— Task input —
═══
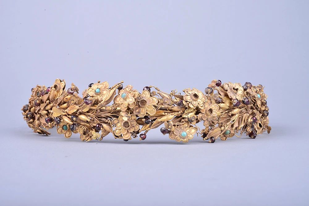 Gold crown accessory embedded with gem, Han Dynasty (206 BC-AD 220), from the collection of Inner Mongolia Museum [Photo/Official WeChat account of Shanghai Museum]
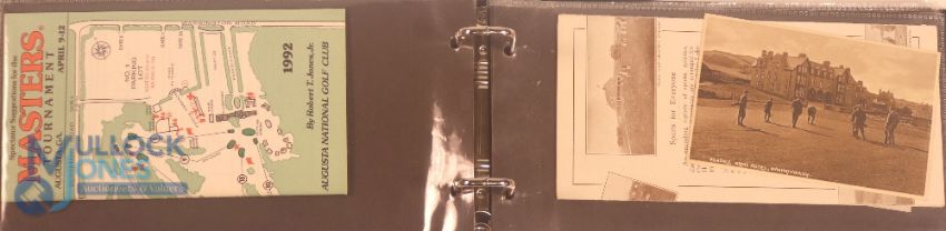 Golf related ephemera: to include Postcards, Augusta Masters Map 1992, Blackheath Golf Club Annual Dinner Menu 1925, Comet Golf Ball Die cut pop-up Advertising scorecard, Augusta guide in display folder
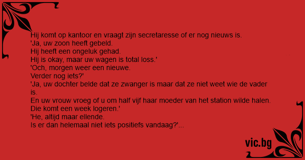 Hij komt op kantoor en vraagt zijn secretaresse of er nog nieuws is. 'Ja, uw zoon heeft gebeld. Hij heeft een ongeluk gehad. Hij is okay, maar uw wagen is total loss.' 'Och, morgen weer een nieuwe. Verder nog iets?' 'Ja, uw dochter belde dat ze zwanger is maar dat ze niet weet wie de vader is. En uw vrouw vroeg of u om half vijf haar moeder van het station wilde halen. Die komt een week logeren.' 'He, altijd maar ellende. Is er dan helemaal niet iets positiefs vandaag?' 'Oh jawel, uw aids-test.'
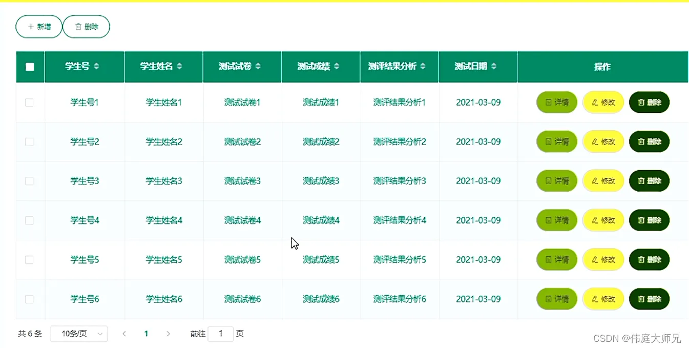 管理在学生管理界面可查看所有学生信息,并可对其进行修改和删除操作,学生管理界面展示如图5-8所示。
═══
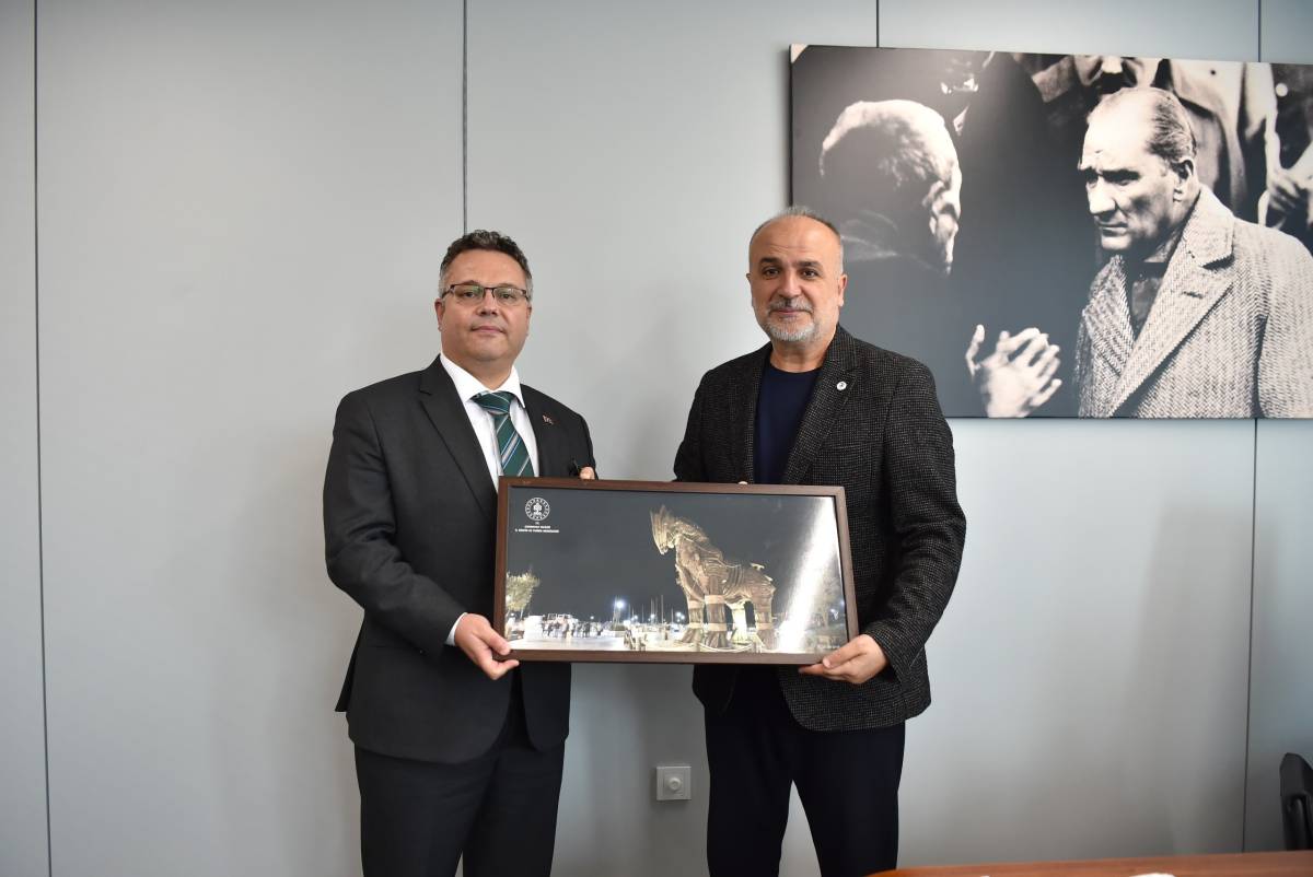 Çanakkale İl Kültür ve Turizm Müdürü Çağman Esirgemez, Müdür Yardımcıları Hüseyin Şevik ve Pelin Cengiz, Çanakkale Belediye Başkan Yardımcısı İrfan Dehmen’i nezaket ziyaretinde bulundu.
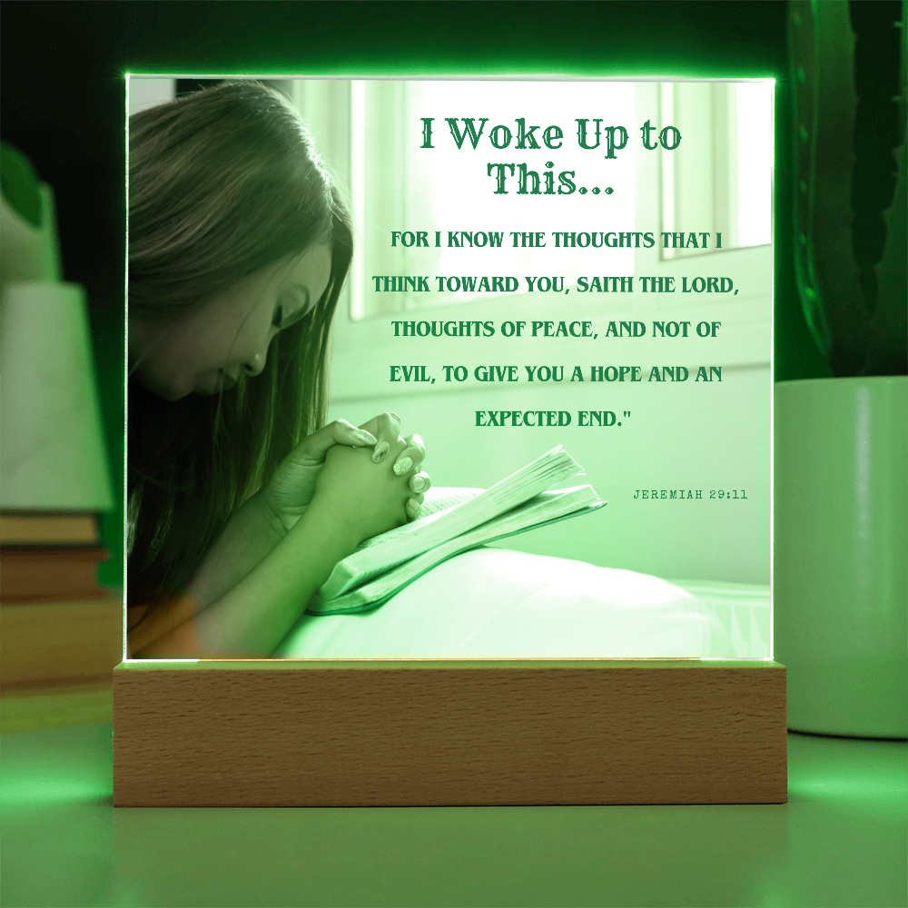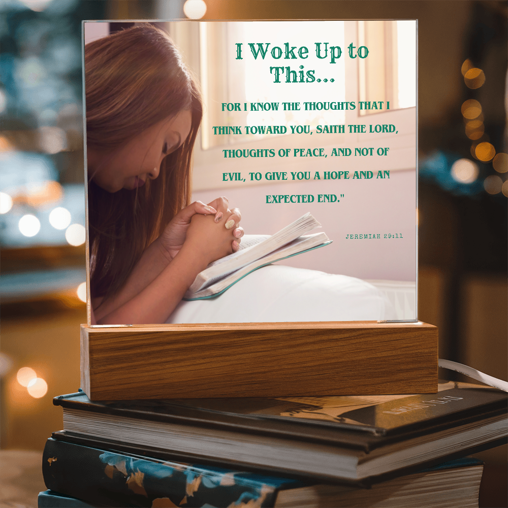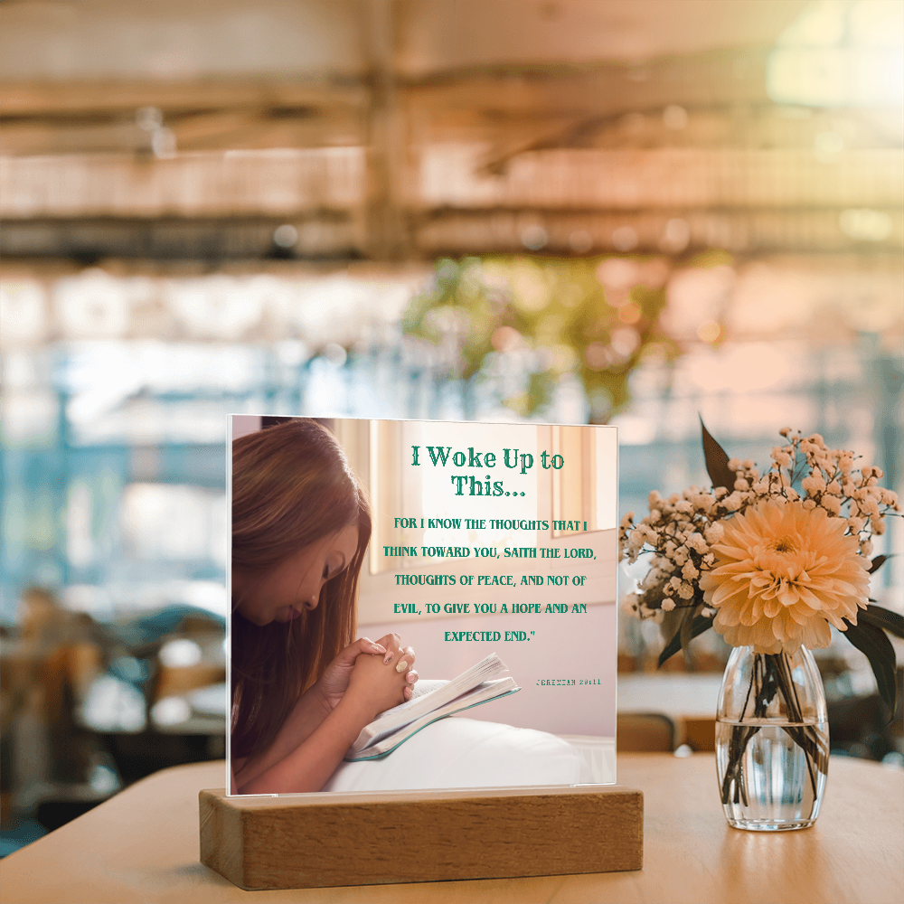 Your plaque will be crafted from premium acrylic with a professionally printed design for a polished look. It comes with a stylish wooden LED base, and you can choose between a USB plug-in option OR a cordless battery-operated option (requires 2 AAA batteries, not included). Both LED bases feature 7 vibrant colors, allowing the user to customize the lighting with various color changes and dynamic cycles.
═══
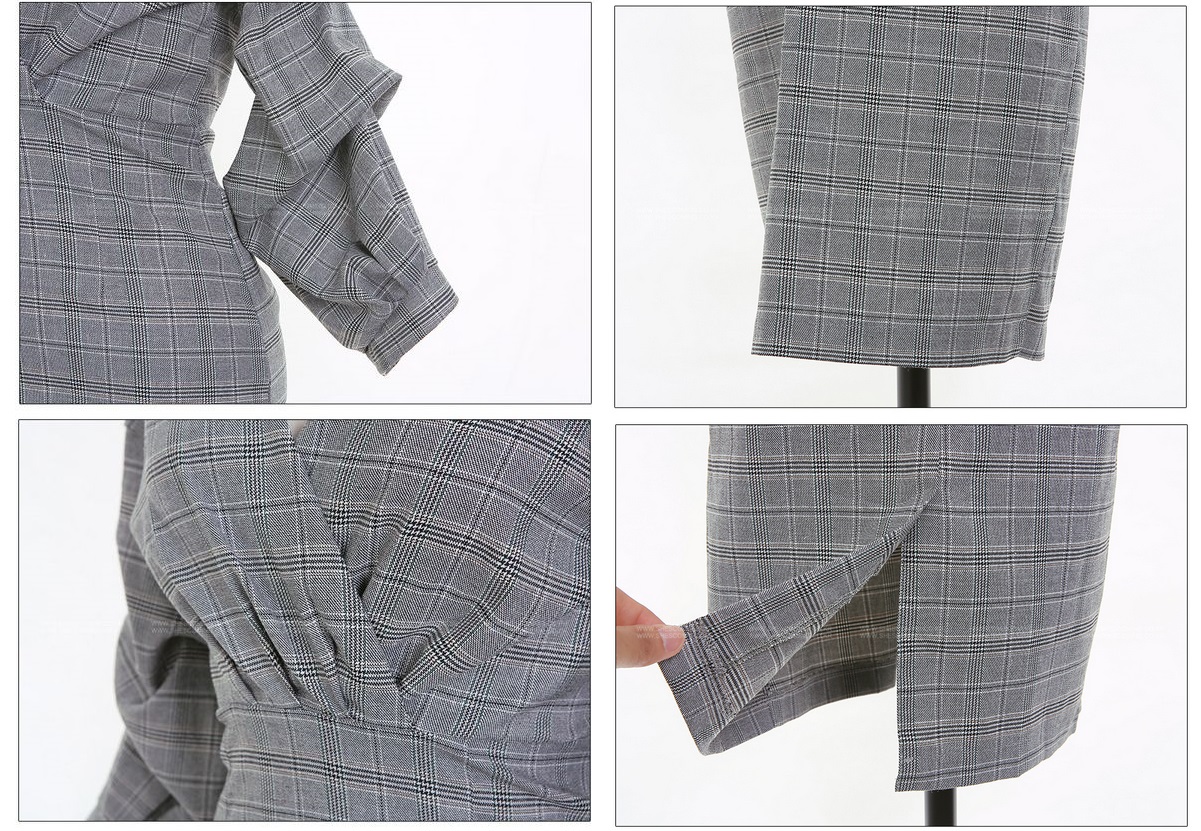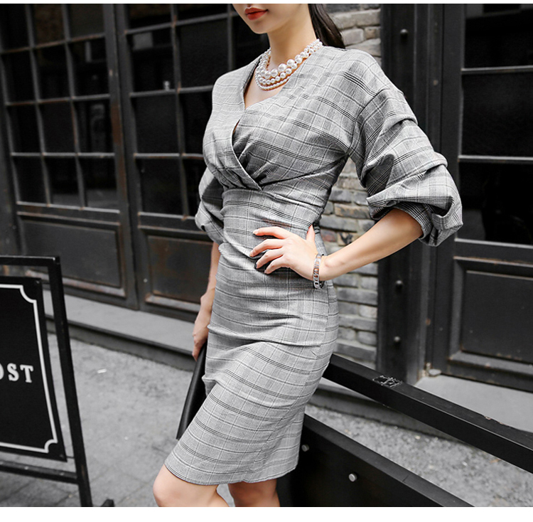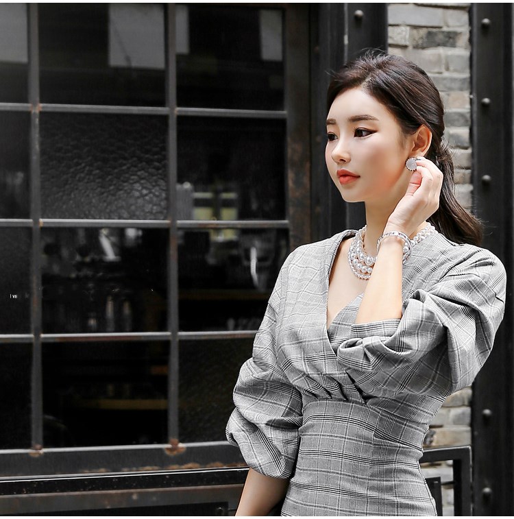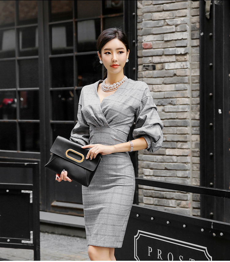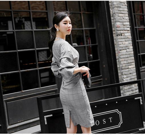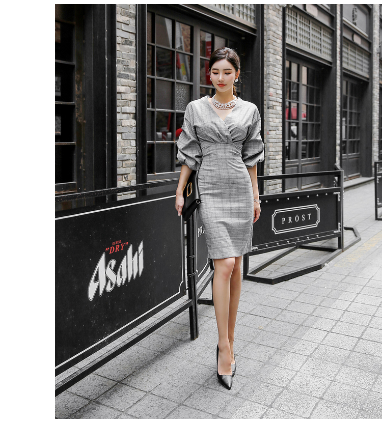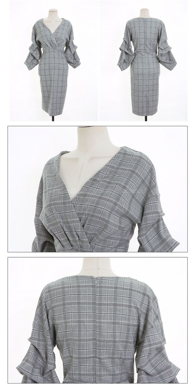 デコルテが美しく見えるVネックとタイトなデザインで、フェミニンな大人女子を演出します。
═══
— What is needed —
When you reach the line that has "Hij komt op" in the data above, start repeating lines exactly, and stop after the line that has "管理在学生管理界面可查看所有"; pictures stay out.

— Response to the exercise —
 Hij komt op kantoor en vraagt zijn secretaresse of er nog nieuws is. 'Ja, uw zoon heeft gebeld. Hij heeft een ongeluk gehad. Hij is okay, maar uw wagen is total loss.' 'Och, morgen weer een nieuwe. Verder nog iets?' 'Ja, uw dochter belde dat ze zwanger is maar dat ze niet weet wie de vader is. En uw vrouw vroeg of u om half vijf haar moeder van het station wilde halen. Die komt een week logeren.' 'He, altijd maar ellende. Is er dan helemaal niet iets positiefs vandaag?' 'Oh jawel, uw aids-test.'
 管理在学生管理界面可查看所有学生信息,并可对其进行修改和删除操作,学生管理界面展示如图5-8所示。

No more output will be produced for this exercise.